Em que pese o evidente excesso e inadequação da expressão utilizada pelo denunciado, o qual também é bastante conhecido nacionalmente, não se vislumbra animus injuriandi na espécie. Não há dúvida de que os fatos em questão geraram indignação e transtornos à acusada. De qualquer sorte, deve ser considerado que se tratava de um programa ao vivo com várias horas de duração. Embora não justifique a postura do réu, tem-se que os desdobramentos e a própria repercussão negativa da ação, aliados ao ônus de suportar uma demanda de natureza criminal, muito provavelmente fizeram com que o acusado refletisse acerca do ato e da sua responsabilidade enquanto comunicador de projeção nacional.
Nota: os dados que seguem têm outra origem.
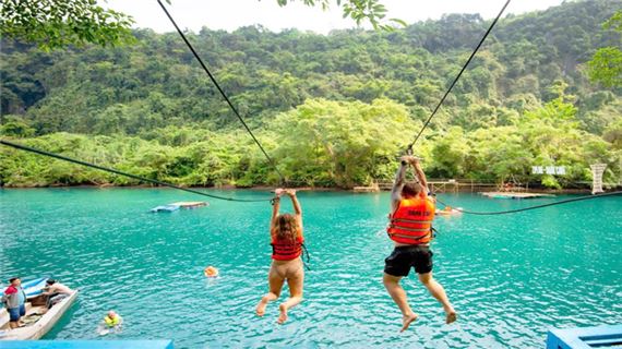 Tắm sông và đu zipline tại Sông Chày – Hang Tối, trải nghiệm mạo hiểm nhẹ giữa thiên nhiên.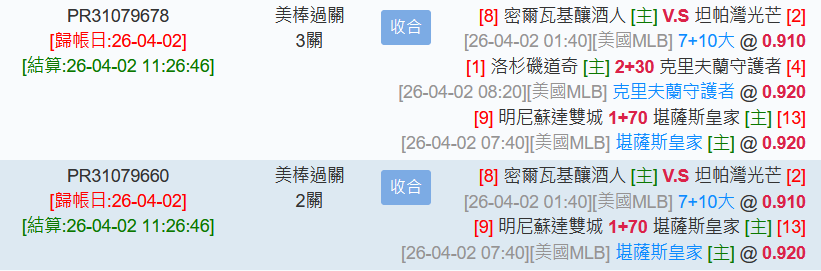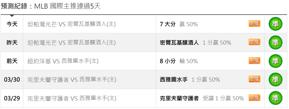 MLB >> 4/03【國際 主推連過5天】【小叮嚀2X1+3X1過關】緯來+台彩單場小分推薦!!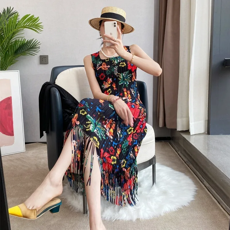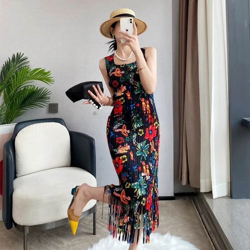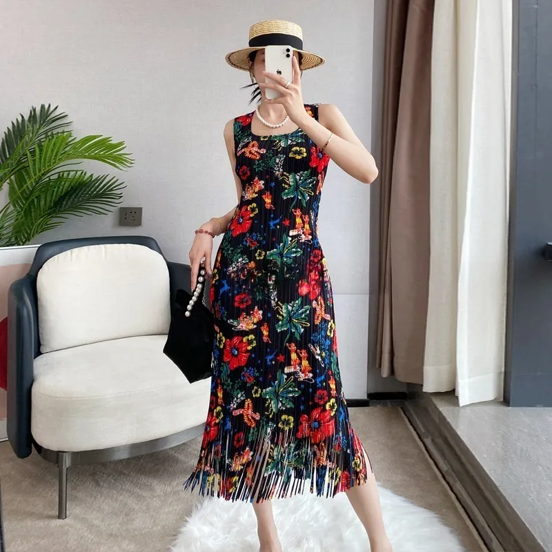 衣都精品- 2023新款印花高領旗袍式背心連衣裙

Por outro lado, o Direito Penal moderno impõe – no exercício da atividade hermenêutica – a necessidade de observância dos princípios da proporcionalidade e da subsidiariedade (ultima ratio), a fim de que as condutas sejam analisadas sob o prisma da tipicidade material e não apenas formal.

Com efeito, Cezar Roberto Bitencourt ensina que, de acordo com o princípio da intervenção mínima, a criminalização de determinada conduta somente se justifica se outros modelos de sanções ou meios de controle social se revelarem insuficientes para a tutela de determinado bem jurídico, de que decorre, como corolário, o princípio da fragmentariedade do Direito Penal. (In Tratado de direito penal. Parte geral, vol. 1, 14ª ed. São Paulo, Ed. Saraiva, 2009).
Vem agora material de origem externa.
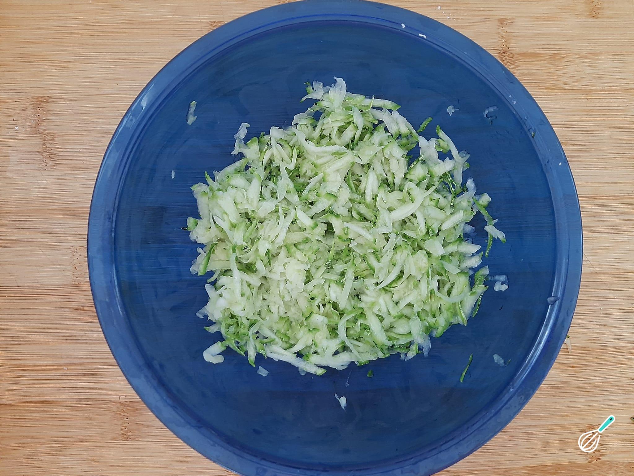 Rale a abobrinha no ralador grosso.

Sobre o tema, convém rememorar os arestos a seguir ementados:

APELAÇÃO CRIMINAL. PENAL. RECURSO DA DEFESA TÉCNICA. CONDENAÇÃO POR INJÚRIA RACIAL. PEDIDO DE ABSOLVIÇÃO. AUSÊNCIA DE PROVA QUANTO O DOLO ESPECÍFICO. DADO PROVIMENTO. 1. Os relatos da vítima e das testemunhas não demonstram, com a suficiência penal exigida, que o acusado incorreu na prática no tipo penal previsto como de injúria racial. 2. A caracterização do delito de injúria, na hipótese, se revela pelo elemento subjetivo do tipo penal – o dolo, anteriormente adjetivado de específico, no qual consiste na intenção deliberada do agente de atingir a honra subjetiva da vítima, ofendendo-lhe a dignidade ou decoro, o que não se verificou no caso concreto. Não é qualquer referência a cor, religião, sexo, etc, trazido a público por terceira pessoa, que se insere nos tipos penais, que são seletivos destas condutas contra a honra. 3. Dado provimento ao recurso. Maioria. (TJDFT, APR 20160110264169, 2ª Turma Criminal, Rel. Des. Silvânio Barbosa dos Santos, in DJE de 28/02/2019).
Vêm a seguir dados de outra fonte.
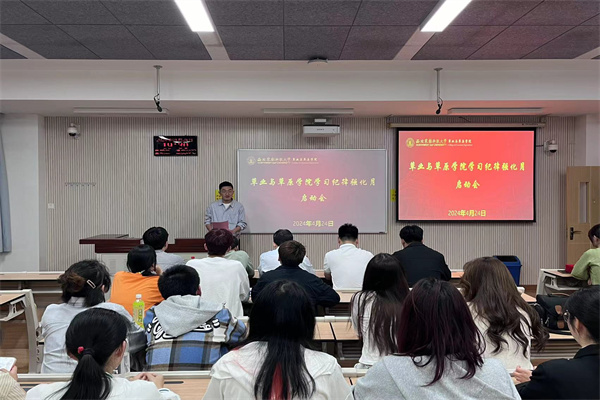 为进一步弘扬“博学善思,躬行致知”的优良学风,强化学生纪律意识,优化育人环境和学习氛围,充分地发挥朋辈在思想引领、学风建设方面的榜样示范作用,4月24日,日韩在线 举办学习纪律强化月启动会。日韩在线 党委副书记兼副院长阮鹏老师,2023级本科生班主任张添佑老师、崔彦农老师,辅导员李志鹏老师、王辉老师、贺晨瑞老师,2023-2024学年学业帮扶“小老师”代表,2023-2024学年学风评议员代表及2023级全体本科生参加启动会。

INJÚRIA. AUSÊNCIA DA PROVA SOBRE O DOLO ESPECÍFICO. ABSOLVIÇÃO QUE SE IMPÕE. Tem-se firmado que, para a prolação de um decreto penal condenatório, é indispensável prova robusta que dê certeza da existência do delito e seu autor. A livre convicção do julgador deve sempre se apoiar em dados objetivos indiscutíveis. Caso contrário, transformar o princípio do livre convencimento em arbítrio. É o que ocorre no caso em tela. Não existe uma prova segura do dolo específico da agente e no sentido de injuriar o ofendido. De acordo com a jurisprudência, para a configuração dos crimes previstos nos artigos. 139 e 140 do Código Penal, é necessária a presença do elemento subjetivo do tipo que é dolo específico, ou seja, a intenção de ofender a honra alheia.

Finalmente, vale ressaltar que o presente ato decisório não obsta que a vítima venha buscar reparação de natureza cível em decorrência dos fatos em questão. Contudo, estando ausente o dolo específico do tipo penal da injúria, conforme evidenciado nos autos, impõe-se a absolvição do acusado.

Examinados os elementos de prova na forma supra, alicerçado, portanto, no acervo probatório erigido nos autos e diante dos argumentos expendidos pelas partes, JULGO IMPROCEDENTE a pretensão punitiva estatal deduzida na denúncia e assim o faço para ABSOLVER MARCOS PAULO RIBEIRO MORAIS com fulcro no artigo 386, inciso III, do Código de Processo Penal.”, disse o juiz Omar Dantas Lima, em sua sentença.